Hükmü, davalılar vekili temyiz etmiştir.
İstek, alacaklıları zararlandırmak amacıyla (kötüniyetle) yapılan reddin iptali isteğine ilişkin olup, Türk Medeni Kanununun 617. maddesine dayanmaktadır.
Malvarlığı borcuna yetmeyen mirasçı, alacaklılarına zarar vermek amacıyla mirası reddederse, alacaklıları veya iflas idaresi, kendilerine yeterli bir güvence verilmediği takdirde ret tarihinden başlayarak altı ay içinde reddin iptali hakkında dava açabilirler (TMK. m. 617/1). Şu halde, kötüniyetle redden söz edilebilmesi için, reddeden mirasçının malvarlığının borcunu karşılamaya yetmediğinin sabit olması gerekir (TMK. m. 617). Onun için her şeyden önce davalı durumunda bulunan mirasçının malvarlığının borcunu karşılamaya yeterli olup olmadığı hususunun etraflı şekilde araştırılıp tespit edilmesi zorunludur. İcra takibinin uzun süre devam etmesi, tek başına acze delalet etmez.
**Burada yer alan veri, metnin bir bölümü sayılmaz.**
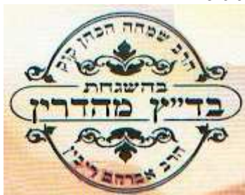
Rabbinat de Rehovot: Rav Kook et Rav Roubin (ou seul)
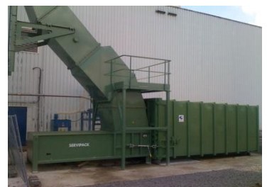
Chargement par goulotte extérieure
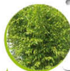
Bambou Très décoratif Plante sculpturale Gel -20°C
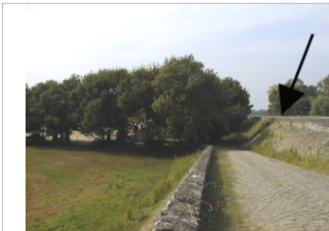
Vue du site BDHE 267 point de repère 336

Coordonnées WGS84 : X: -0.35233580 / Y: 47.41442290
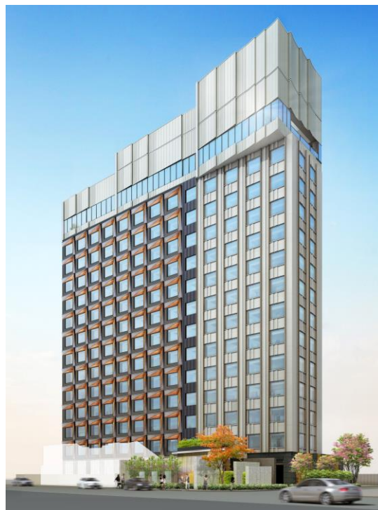
完成予想イメージ ※今後、変更となる場合がございます。

三井不動産グループは、今後も首都圏や全国の主要都市において積極的に新規展開を行ってまいります。
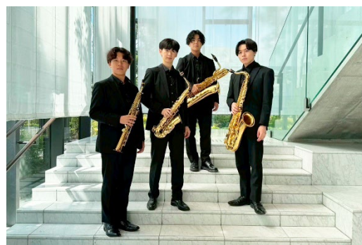
ローズガーデンサクソフォンカルテット
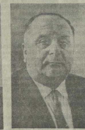
А. В. ХУРОДЗЕ, министр пищевой промышленности Грузинской ССР.
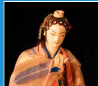
10/17 亦宛然掌中劇團 北管布袋戲 《白蛇傳》 Beiguan Hand Puppet Theater— "Legend of White Snake"
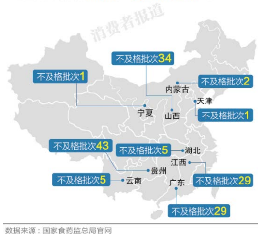
11 月份以来各省市桶装水检出铜绿假单胞菌统计

2015 年 5 月 24 日实施的新饮用水标准 GB19298-2014《包装饮用水》明确规定每 250mL 水样中铜绿假单胞菌不得检出，并且要求出厂前对每批次成品进行铜绿假单胞菌检测。如果检出，则为不合格产品，应该召回和停止销售。
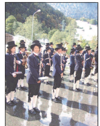
Eröffnung Wohnbau Partenen
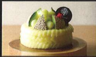
マスクメロンスペシャルデコ

4号: 4,000円 / 5号: 5,000円 6号: 6,500円 / 7号: 8,000円
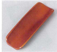
7-890-4 H-68-78 A新富士おしぼり入れ 総春慶塗 ¥1,000 (17.1×5.7×2) 横200
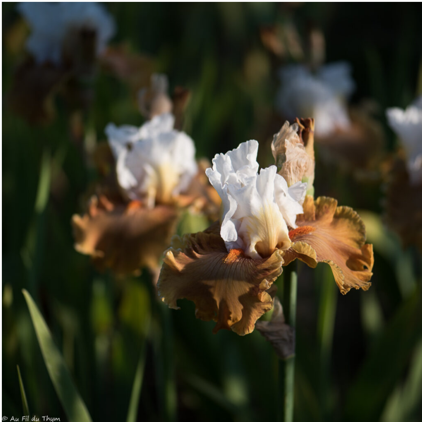
URBAN COWGIRL (?)
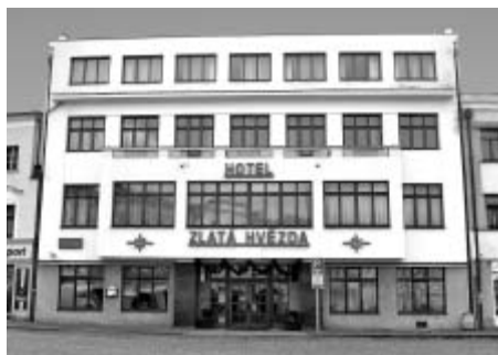
Dvojďúm čp. 83/84

vat své spisy s nadějí na zlepšení svých hubených literárních honorářů. Žila tehdy víceméně z příležitostných podpor a z toho živila sebe i děti. Přirozeně že k stále se zvěšujícímu hmotnému nedostatku se přidaly nemoci dětí a především se zhoršila její nemoc. Navíc byla od doby manželova vyšetřování pod stálým policejním dohledem.
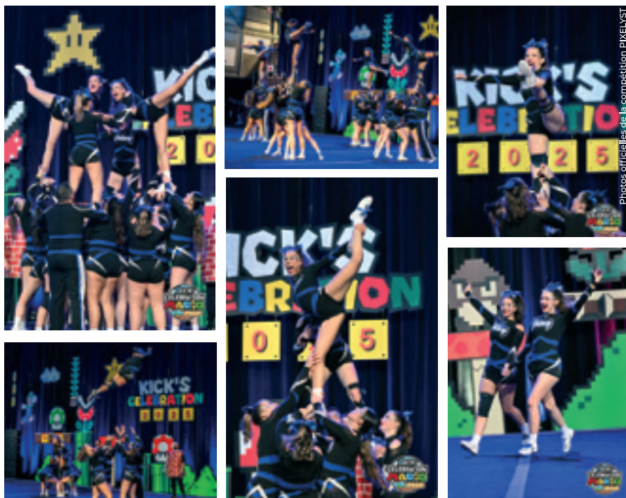
Photos officielles de la compétition PIXELYST

Le club de cheerleading « Galaxy Cheer » de Chalette, a réalisé un véritable exploit en remportant sa catégorie lors de la compétition « Kicks Célébration » à Montréal. Un voyage inoubliable qui restera gravé dans les mémoires du club.
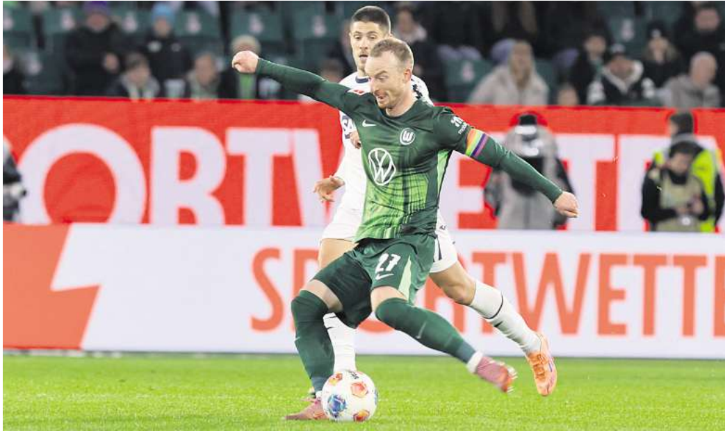
Für das Spiel des VfL Wolfsburg gegen Leverkusen können Leser Eintrittskarten gewinnen.

Für Wolfsburg dürfte es also kein leichtes Spiel werden. Doch gerade gegen die favorisierten Leverkusener wollen die Gastgeber zeigen, dass mehr in ihnen steckt, als der aktuelle Tabellenplatz vermuten lässt. Ein Sieg wäre nicht nur Balsam für die angeschlagene Mann-
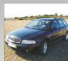
A4 AVANT TDI 1999
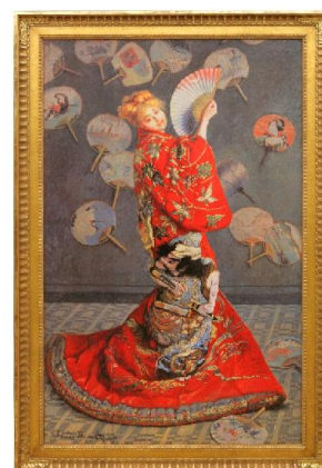
モネ「ラ・ジャポネーズ」
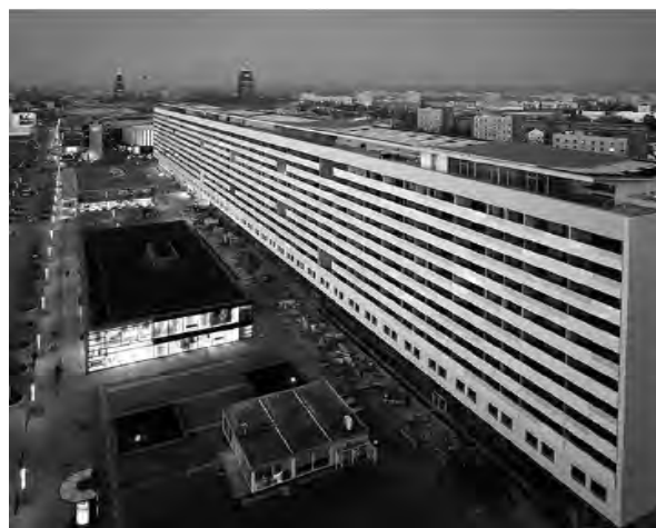
Рис. 6. Празький ряд після реконструкції у 2007 р.

За цим районом починається Горбітц – найбільше житлове поселення післявоєнного Дрездена. Цей міський район знаходиться на схилі західної околиці міста, тому він завжди піддавався критиці за те, що не був запланований в зоні чистого повітря. В часи НДР створювалися панельні житлові райони у зв'язку з використанням нового планування за сучасними стандартами, що мало велику підтримку з боку населення. Цей новий житловий мікрорайон панельної конструкції, що виник впродовж 1980 – 1989 рр., був запроєктований для 45 000 жителів і повинен був стати останнім великим поселенням Дрездена. Після переломного кризового періоду, на початку 90-х років, керівництво міста повинно було боротися зі зменшенням населення і змушено було констатувати зростаючу незаселеність Горбітца. Панельні будинки стали непривабливими, що можна сказати і про інші житлові райони Дрездена, незалежно від того, чи вони були в хорошому чи поганому стані. Хорошим прикладом реконструкції панельних будинків є невеличке поселення на північно-західній околиці Горбітца. За результатами конкурсу типові будівлі соціалістичного житлового будівництва з 2002 до 2004 рр. було переплановано на індивідуальні квартири завдяки демонтажу окремих панельних конструкцій. При цьому кількість квартир зменшилась з 829 до 270. Ці будинки було доповнено терасами, новими балконами і садами для приватного користування. Зелені зони було по-новому оформлено, внаслідок чого було досягнуто нової якості проживання.
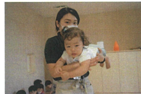
《先生とふれあ、いあそ、び》 先生に抱、こしてもら、い飛行機、や メ、リーゴ、ランドを、してもら、いました。
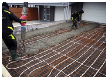
Hér er hitalögn sett undir bílaplan.
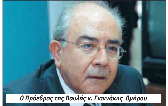
Ο Πρόεδρος της Βουλής κ. Γιαννάκης Ομήρου

Εμείς θα επιμένουμε στο αίτημά μας μέχρι να επιτύχουμε την αναγνώριση του δικαιώματος αυτού, τουλάχιστον για όσους μετανάστευσαν αναγκαστικά μετά το 1974. Έχουμε απόλυτο δίκαιο και δεν εννοούμε να υποστείουμε το λάβαρο του αγώνα για ισονομία και ισοπολιτεία .
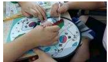
독도 부채 만들기
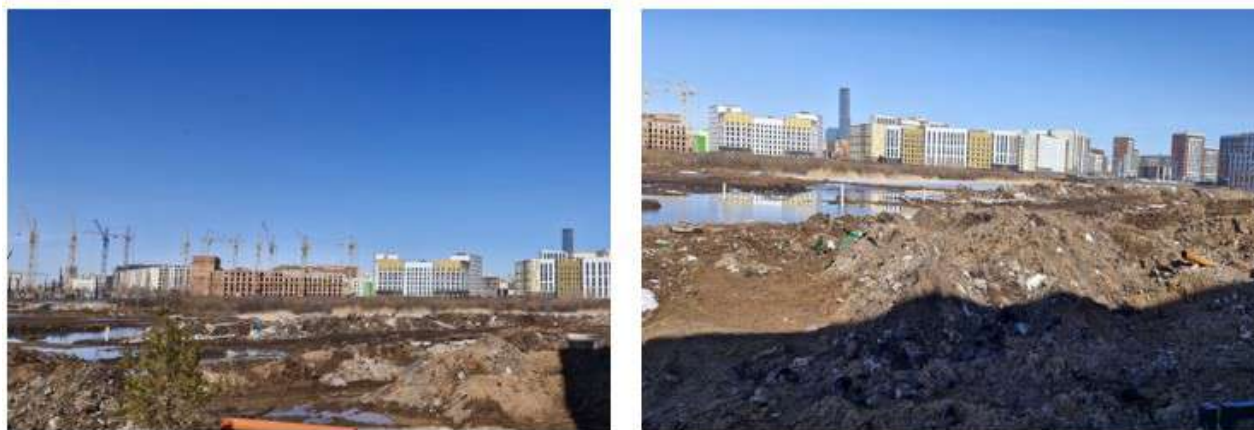
Сурет 4 - Астана қаласындағы Әл-Фараби даңғылының маңында құрылыс жұмыстарының нәтижесінде пайда болған қоқыс үйіндісі

Зерттеу нәтижелері бойынша 2019-2024 жылдар аралығында ТҚҚ полигонының аумағында айтарлықтай кеңею байқалды. Әсіресе, 2021-2022 жылдар аралығында полигон ауданы күрт ұлғайған, бұл қалада құрылыстың қарқынды жүргізілуімен байланысты болуы мүмкін. Сонымен қатар, 2023-2024 жылдары құрылыс қалдықтарының көптеп жиналған аймақтары Жер серіктердің көмегімен түсірілген суреттер арқылы тіркелді. Бұл қалдықтар негізінен жаңа тұрғын үйлер салынған жерлерде анықталды (4-сурет). Мониторинг нәтижелері ғарыштық Жерді қашықтықтан зерттеу (ЖҚЗ) деректерін қалдықтардың таралуын бақылау және экологиялық жағдайды бағалау үшін тиімді пайдалануға мүмкіндік беретінін көрсетті.
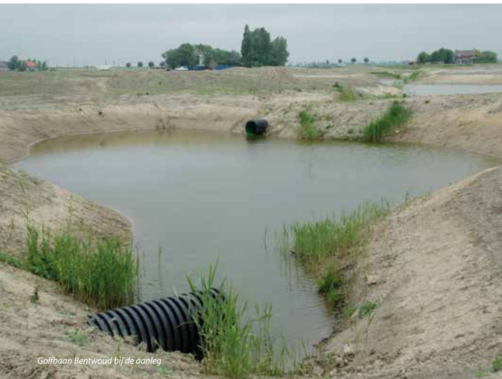
Golfbaan Bentwoud bij de aanleg
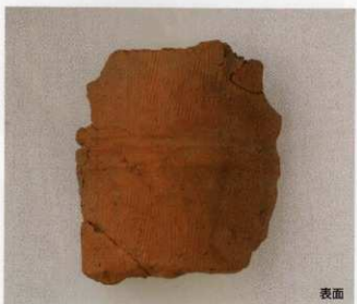
1 第16号墳 (第507图22)
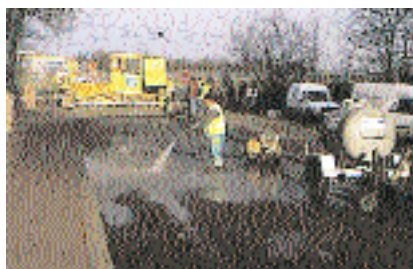
▲ La bonne adhérence du béton sur l'enrobé exige un nettoyage après rabotage de l'assise.

Seule la présence, en ce matin d'hiver sec et ensoleillé, de nombreux spécialistes des chaussées et de plusieurs représentants de la profession, trahissait le caractère exceptionnel de l'intervention menée sur l'aire des Châtaigniers, sur l'A6, en direction de la province, entre les sorties de Courtenay et de Joigny. Pourquoi porter tant d'intérêt à une opération en apparence ordinaire, le chantier consistant en l'application de béton désactivé sur une bande de stationnement de poids lourds de 615 m 2 ? "Nous nous trouvons

Zira aczin ne suretle gerçekleşeceği İcra İflas Kanununda gösterilmiştir (İc.İf.K. m. 105 ve 143). Davacı tarafından borçlu mirasçı hakkında “aciz vesikası” alınmamış olduğuna göre, mahkemece, davalının şahsi malvarlığının ret tarihindeki değeri tespit edilip, bu malvarlığının borcunun karşılamaya yeterli olup olmadığının usulünce araştırılıp saptanması; yeterli ise talebin reddi, yeterli olmadığının görülmesi halinde ise, davalı da yeterli güvence göstermediği takdirde reddin iptaline karar verilmesi gerekir. Açıklanan yönde araştırma yapılmadan eksik inceleme ile hüküm kurulması usul ve yasaya aykırı olup bozmayı gerektirmiştir.
Öte yandan, mirasçıyı mirasın reddine yönlendiren sebeplerin anlaşılabilmesi bakımından terekenin aktif ve pasifinin araştırılarak borca batık olup olmadığı da tespit edilmelidir.
Somut olayda, murisin ölüm tarihi itibariyle terekesinin açıkça borca batık olup olmadığı ve mirasçının terekeyi kabul anlamına gelen işlemler yapıp yapmadığı ve mirasçının malvarlığı araştırılmalıdır. Mirasçının malvarlığının borcunu karşılamaya yetmemesi halinde güvence göstermesi istenmelidir.
Bu eksiklikler giderilmeden karar verilmesi doğru görülmemiştir.
SONUÇ: Yukarıda açıklanan nedenlerle temyiz itirazlarının kabulü ile hükmün BOZULMASINA, peşin yatırılan harcın istek halinde yatıranlara iadesine, kararın tebliğinden itibaren 15 gün içinde karar düzeltme yolu açık olmak üzere, 06.03.2019 tarihinde oy çokluğuyla karar verildi.
(Muhalif)
KARŞI OY
Yapılan yargılamaya, toplanan delillere ve dosya içeriğine göre, mahkeme kararı ve dayandığı gerekçeler usul ve yasaya uygun bulunduğundan yerinde olmayan temyiz itirazlarının reddiyle hükmün onanması görüşündeyim. Sayın çoğunluğun bozma yönündeki görüşüne katılmıyorum.